- Founder: Muhammad Alauddin Siddiqui
- Ideology: Nizam e Mustafa
- Religion: Barelvi, Islam
- Regional affiliation: Azad Kashmir;

= Tehreek-e-Nizam-e-Mustafa =

Barelvi organisation in Pakistan

Tehreek-e-Nizam-e-Mustafa (تحریکِ نظامِ مصطفیٰ) was a Barelvi organisation and religious movement based in Azad Kashmir. It was founded by Islamic scholar Muhammad Alauddin Siddiqui from Sadhanoti.
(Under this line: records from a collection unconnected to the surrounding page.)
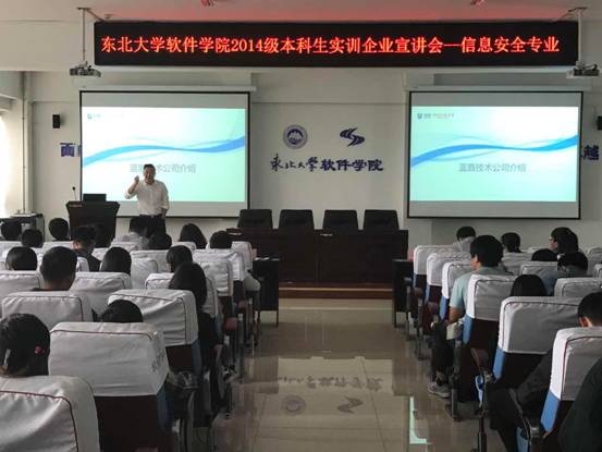 5月5日,永利集团304am登录2014级本科生企业项目实训宣讲会在浑南校区召开。东软睿道教育信息技术有限公司、中软国际沈阳分公司、软通动力信息技术有限公司、沈阳华信教育科技有限公司、天津市大学永利集团304am登录、北京西普阳光教育科技股份有限公司、蓝盾股份、新华社、沈阳博太科技有限公司、北京七维视觉科技有限公司、大连金山科技有限公司11家企业代表,永利集团304am登录副院长程维副教授、院长助理王瑞平老师、各系及相关部门负责人出席了宣讲会,2014级全体本科生参加了大会。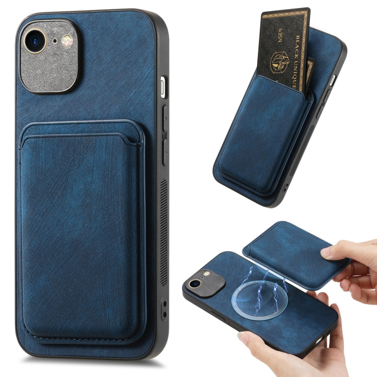 Funda de Teléfono para iPhone 7 Plus/8 Plus Magnética con Bolsa de Tarjeta de Cuero Retro (Azul)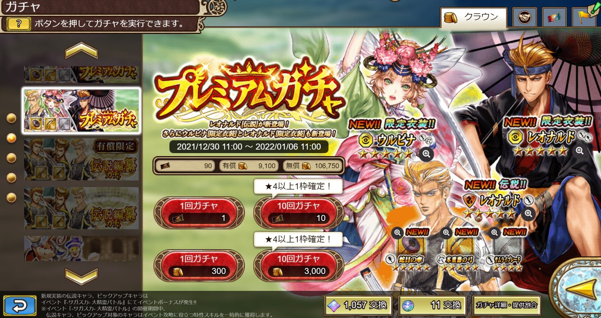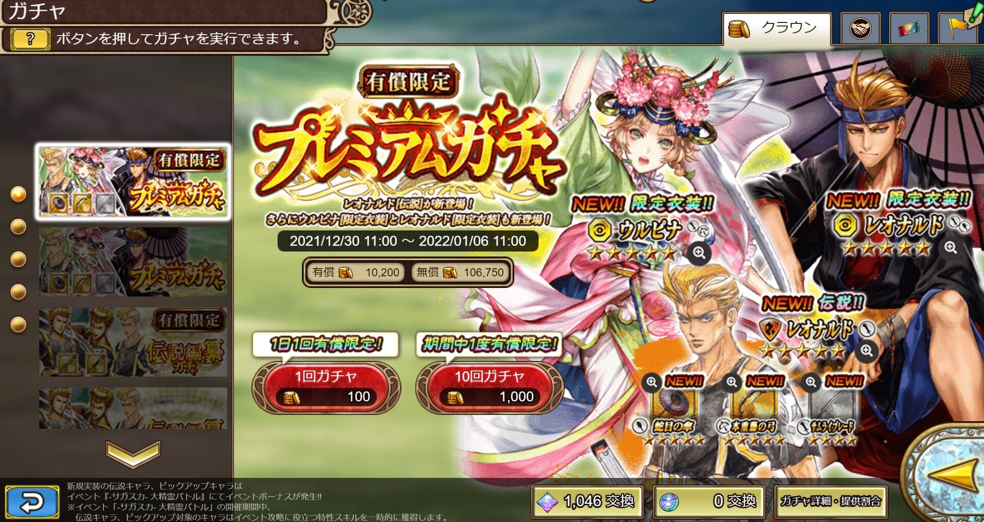 さて、新年を控えて始まったシリーズイベントはサガスカ、新キャラは揃って和装でしたね。新規ウルピナが自己奮起持ちですし、そうでなくても奮起付与の奥義持ちは少ないので、これは皆と一緒に死地へ赴くしかないワケか……と思いながらの、有償割引分から。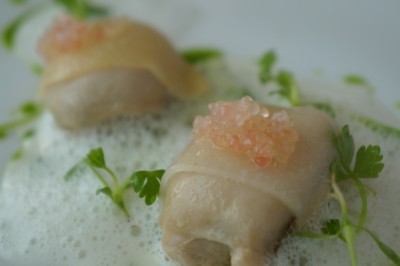 昆布〆した平目の中にカリっとしたケイパーを入れて、黒大根のスライスで巻いてあるもの。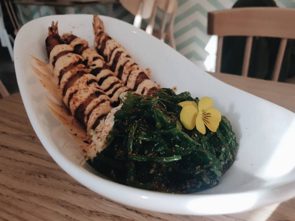 Ebimayo con alga wakame y tobiko. Langostino tigre en panko sobre cama de alga wakame, huevas de tobiko y mayonesa kimchi. Un plato que te le puedes perder, el frescor del alga wakame con el contraste de los langostinos.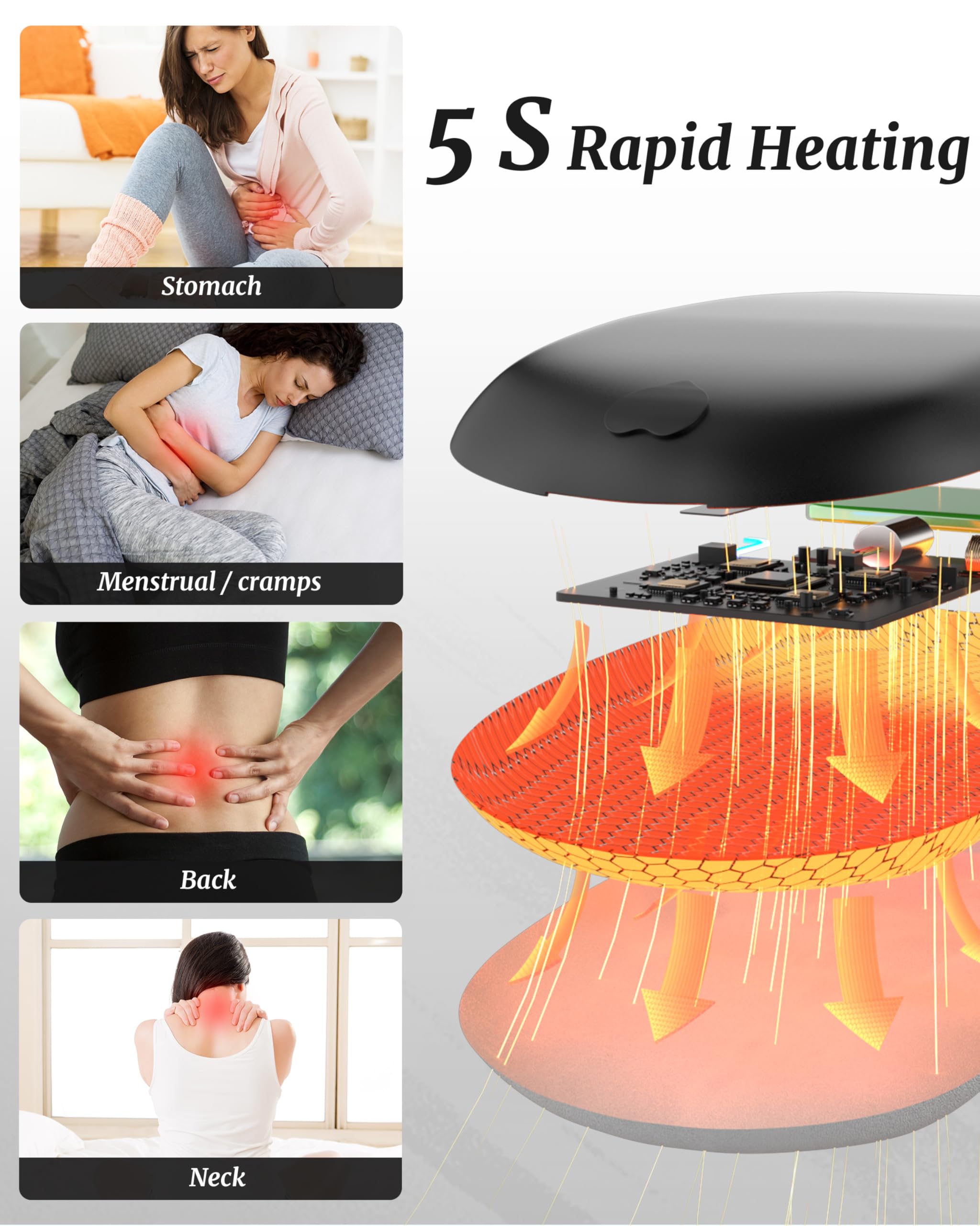 Fast Heating for Pain Relief: Portable heating pad heats up rapidly in 5 seconds with soothing heating therapy that improves blood circulation to relieve menstrual cramps, abdomen chill, back pain, and stomach pain. Soft velvet fabric on the heating side of electric heating pad provides maxim comfort for your period.

In late 1980's organization's founder attempt to implement Islam at the Government level by negotiating with politicians. The politicians of Kashmir Muhammad Abdul Qayyum Khan and Sikandar Hayat Khan were also the members of this movement. Many gatherings and meetings were held in Nerian Sharif. The politicians themselves came and the objectives of the movement were explained, then they announced the support.

The aim and the purpose of the movement is to implement Sharia (or "Nizam-e-Mustafa", meaning "the system of the Prophet Muhammad") in Pakistan and Azad Jammu and Kashmir.

In November 2014, the movement held a convention in Muzaffarabad.

The group held a convention in Kotli in December 2016.